Will be interesting to see if better without syncthing.


----------



## jmos (Dec 3, 2020)

On every system I know a load of 55 on a server means: unreachable. Without investigating time in your setup it points me to virtual machines with far to many jobs/requests and/or heavy disk access and/or out of memory (or DOS attacks), so jobs/requests can't be answered fast enough; The result is that more and more jobs/requests are left open, and: an increasing load.

If possible: I would take one after another of my services down to identify who causes this problem.


----------



## wxppro (Dec 3, 2020)

Too early to tell yet - Gotta give it a few days to confirm no outage with the Syncthing service stopped.  But it has to be Syncthing.  I found numerous posts complaining system "unresponsive" or "freezing" on both FreeBSD and Syncthing forums.

And jmos you are completely right that a server will be unresponsive under heavy load.  In this case, the weird thing is that the average load is really low.  It is some spikes of heavy load caused by Syncthing.  But even so, should not the operating system itself still be responsive?  That is, be able to maintain network connectivity, and accessible by SSH?  I can understand that tasks take much longer to complete, but a whole system freeze for a modern operating system is beyond me...


----------



## richardtoohey2 (Dec 3, 2020)

Can you put syncthing into any debugging mode / verbose output / logging?  Might give some more clues as to what specifically it is doing to trigger this issue.

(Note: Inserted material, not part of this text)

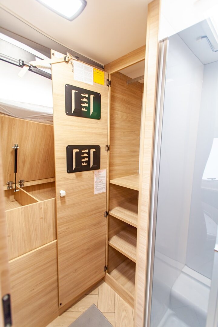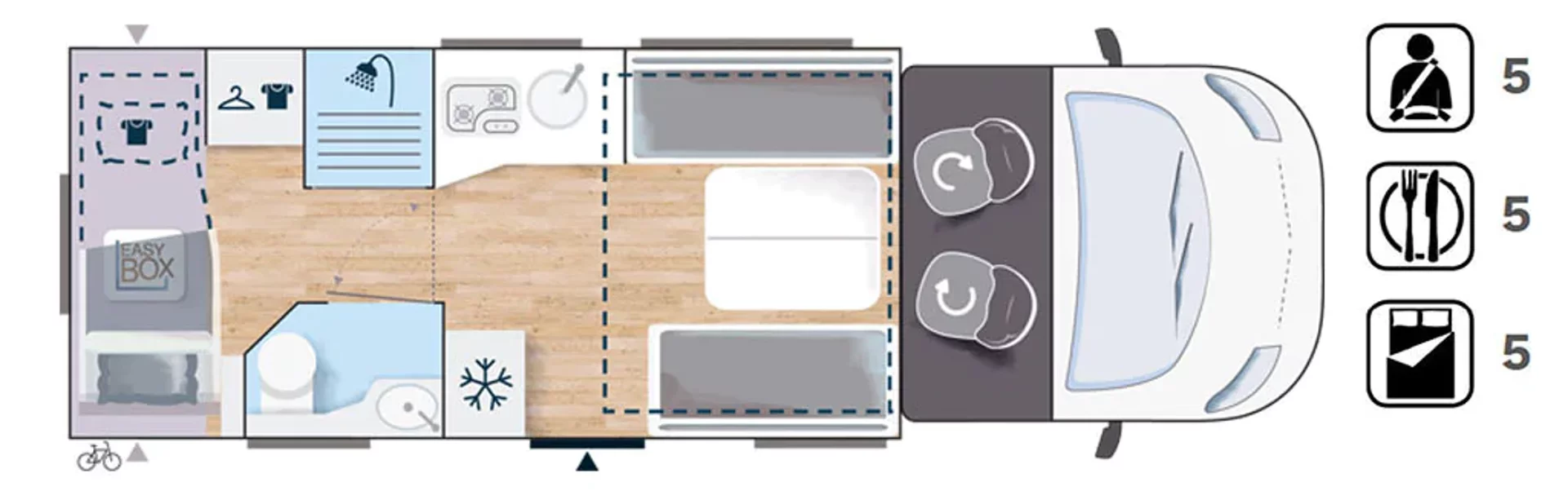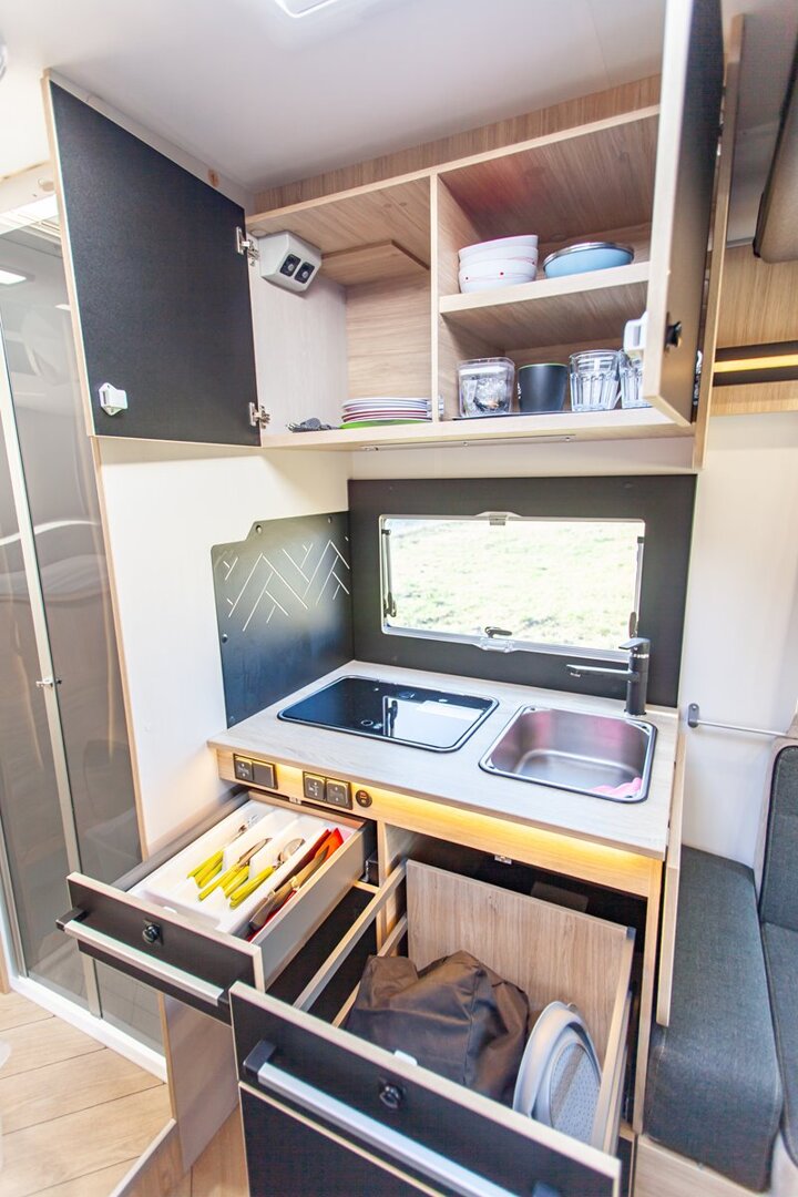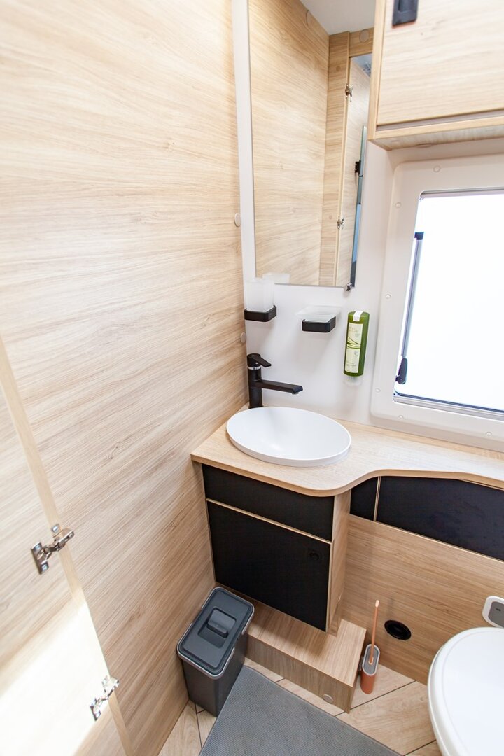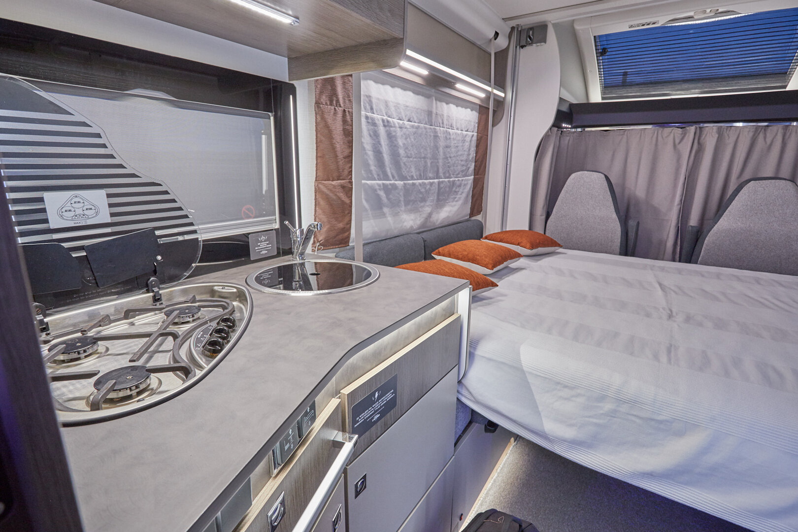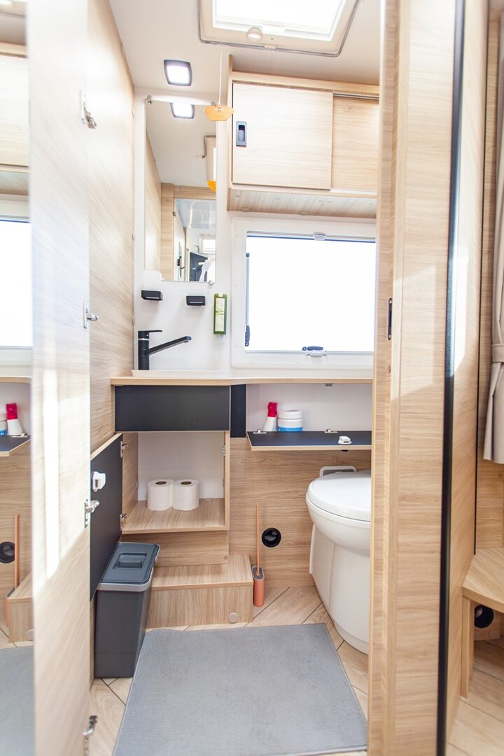 Ten niskoprofilowy kamper z salonem maxi twarzą w twarz i pięcioma siedzeniami do jazdy otwiera się w ciepłym i przyjaznym otoczeniu. Wyposażony w mnóstwo innowacji, zapewnia łatwe siedzenie dla pięciu osób i sprytne miejsca do spania. Ten nowy układ daje gwarancję komfortu zarówno w wersji dziennej, jak i nocnej.

But maybe do that after you have the trial period without syncthing.

I _think_ fork bombs are still a thing - so yes, you can engage treacle-mode on an OS by overwhelming it with resource-intensive processes.

It does seem to be known for whacking machines (this is an old post): https://forum.syncthing.net/t/syncthing-freezes-my-computer/2450


----------



## jmos (Dec 4, 2020)

wxppro said:


> But even so, should not the operating system itself still be responsive?  That is, be able to maintain network connectivity, and accessible by SSH?  I can understand that tasks take much longer to complete, but a whole system freeze for a modern operating system is beyond me...


Who defined the binaries on your computer that should be given priority? The system can hardly guess that a request on SSH should now be prioritized higher - the system cannot solve this for you in general (and the AI thing doesn't exist, it's a marketing fairy tale). And a new, further job on top should rather be executed instead of finally finishing the current state?

It would be nice to have a responsive machine in such cases. But I myself never been in front of a machine on which this was possible out of the box. Instead you're waiting for minutes to get a single letter through when logging in…


----------



## richardtoohey2 (Dec 4, 2020)

If I'm looking at the right machine it does also seem a bit wimpy (or is that just me?) given the layers of complexity you are using - a quad core 1.1 Ghz Celeron with 4GB of RAM - and you've got Bhyve, jails, and ZFS all in the mix.  Or am I getting too used to needing a bazillion Ghz and a megaton of RAM just to run web browsers these days?  (My first computer had 1K of RAM until we got the 16K RAM pack!)


----------



## SirDice (Dec 4, 2020)

I'm trying to recap and skimmed through most of the thread so I may have missed some information. Is this machine a VM or real iron? I see there's 4GB of memory and 8GB of swap, that looks good. The two bhyve(8) VMs, how much memory is assigned to them? Looks like 2 x 512MB? So that's 1 GB, give or take. Set your ARC limit to 1GB too. That will leave around 2GB for the OS and everything else that's running on it (I see Samba and ftpd(8)?). Also try without running powerd(8).


----------



## wxppro (Dec 4, 2020)

Right, richardtoohey2, it is not a strong, powerful machine.  This one is only for home, with 2~3 users and some lightweight tasks.  To some extent, it is like a testing environment to check out how the system works.  It may seem to have many apps/layers installed, but most of them are just there, not really doing anything.  
 - The two VMs are Pihole on Debian, with each assigned 512MB.  They serve 5~10 home PCs and devices.  Really lightweight.  Load is close to zero.
 - The jail is for testing transmission.  No download has been done recently.
 - Samba and Syncthing are probably the only substantial apps, with about 2TB data.  It is almost all static data with occasional access.  Syncthing will sync files between two PCs and the server.  There is no constant reading/writing at all.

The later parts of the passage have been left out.